Hatcher talked with a South Florida consultant who warned developers that Las Vegans have favorite casinos in the suburbs and rarely go to the Strip. Las Vegas developer Irwin Molasky, who built the Park Place condominium tower just off Flamingo Road east of the Strip, weighed in on that argument, she says.
“Outside developers came here and really misjudged this market,” Molasky says in the article. “It is a not a Miami market. We don’t have South American trade, the New York trade, and they just thought, ‘if you build it, it will come.’ ”
Hatcher says there was much hype in Miami about what was going in Southern Nevada, but it never came about as expected.
Las Vegas was fortunate because only about 9,000 of 29,000 planned units were built compared with more than 30,000 in the Miami area, where the population is 2.4 million compared with less than 2 million for Las Vegas.
“When you compare the population of the two cities, you can sense how much overdevelopment we had,” Hatcher says. “Part of the reason Miami built so much was they were banking on seasonal residents.”
Hatcher says it appears much more would have been built here, but the construction of megaresorts puts building and labor costs so high that South Florida developers had to shelve their plans.
Hatcher quotes Jorge Perez of the Related Group in Miami calling the decision to cancel the $3 billion mixed-use Las Ramblas project near the Hard Rock in Las Vegas as one of the smartest decisions he has ever made.
“The market was clearly showing signs of decline, and the demand for construction services was so great that construction prices had been inflated to the point of making our project unfeasible,” Perez says. “Instead of taking the immense risk, I decided to sell the land for a huge profit.”
Hatcher says Miami — which had 8,500 units listed for sale by developers in downtown and nearly twice that in outlying areas — is burning off its excess supply nearly twice as fast as Las Vegas. The reason is that lenders have allowed plenty of short sales, and investors are buying condos in bulk, she says.
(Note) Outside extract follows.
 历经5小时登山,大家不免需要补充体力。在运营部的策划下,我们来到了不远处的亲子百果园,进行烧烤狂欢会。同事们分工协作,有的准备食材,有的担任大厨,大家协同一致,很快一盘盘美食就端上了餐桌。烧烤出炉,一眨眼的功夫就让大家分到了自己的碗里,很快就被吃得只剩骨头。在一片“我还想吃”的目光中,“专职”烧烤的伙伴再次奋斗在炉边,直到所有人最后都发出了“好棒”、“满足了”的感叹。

“There is a lot of cash out there ready to buy in bulk, but they are ready to buy bulk at a much cheaper price than developers and banks are willing to sell for right now,” Richard Lee, vice president of First American Title Co., said in the article.
As for which market will recover faster, Bruce Weiner, president of Turnberry Ltd., predicted that despite the large number of condos in South Florida, it will absorb them faster than Las Vegas.
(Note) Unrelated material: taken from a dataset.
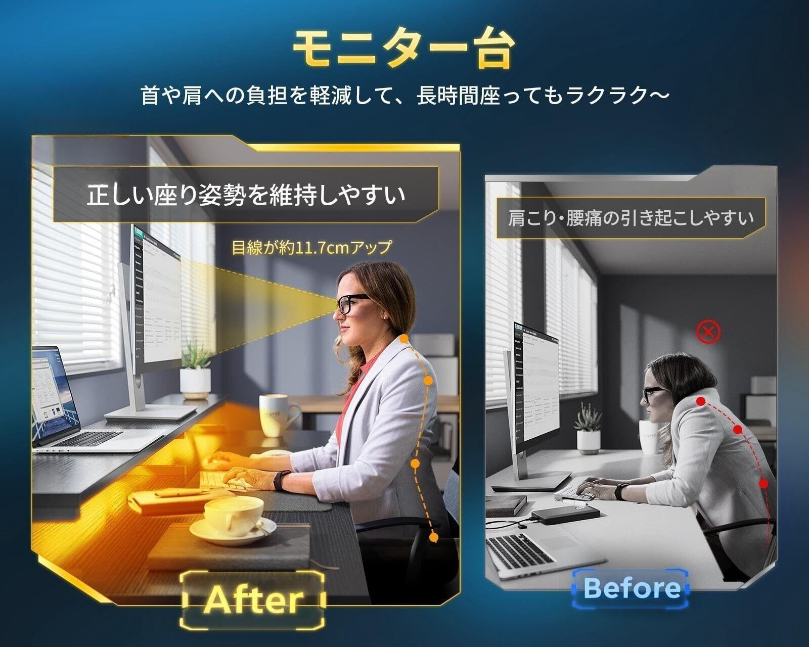 【モニター台付き、卓上の使用面積を広げる】目線が約11.7cm高くなり、背筋が伸びて自然と美しい姿勢に導き、首や肩への負担も軽くなる。モニター台は収納空間も作り出し、卓上の勤務スペースを解放し、デスクが広く使える。作業と収納のエリアを明確に区切り、席に座っているままで欲しいものがサッと手に入れ、作業効率が大幅にアップ。

Hatcher says it’s hard to get a sense of which market, in the long run, will sell condominiums faster but Las Vegas has an edge because it’s selling more than 4,000 existing homes a month while Miami is selling close to 1,000 a month.
“Las Vegas is finding its footing quicker and clearing out its inventory,” Hatcher says.
Las Vegas has been fortunate because it is a casino resort destination that had a lot of hotel development under way, Hatcher says. If not for that raising the overall cost of construction, more developers would have built condominiums in Las Vegas, and there would be even more of a glut of supply.
“That helped save you,” Hatcher says. “You could have been a lot worse.”
In other news
Habitat for Humanity Las Vegas received a $90,0000 town house from Nevada State Bank for the nonprofit organization to continue its mission of working with families in need. Habitat for Humanity will renovate the town house as part of its partnership with the Youth Build Program that trains at-risk youths in construction trades. Once renovated, the town house will be sold by Habitat, and the proceeds will be used to finance the construction of a home.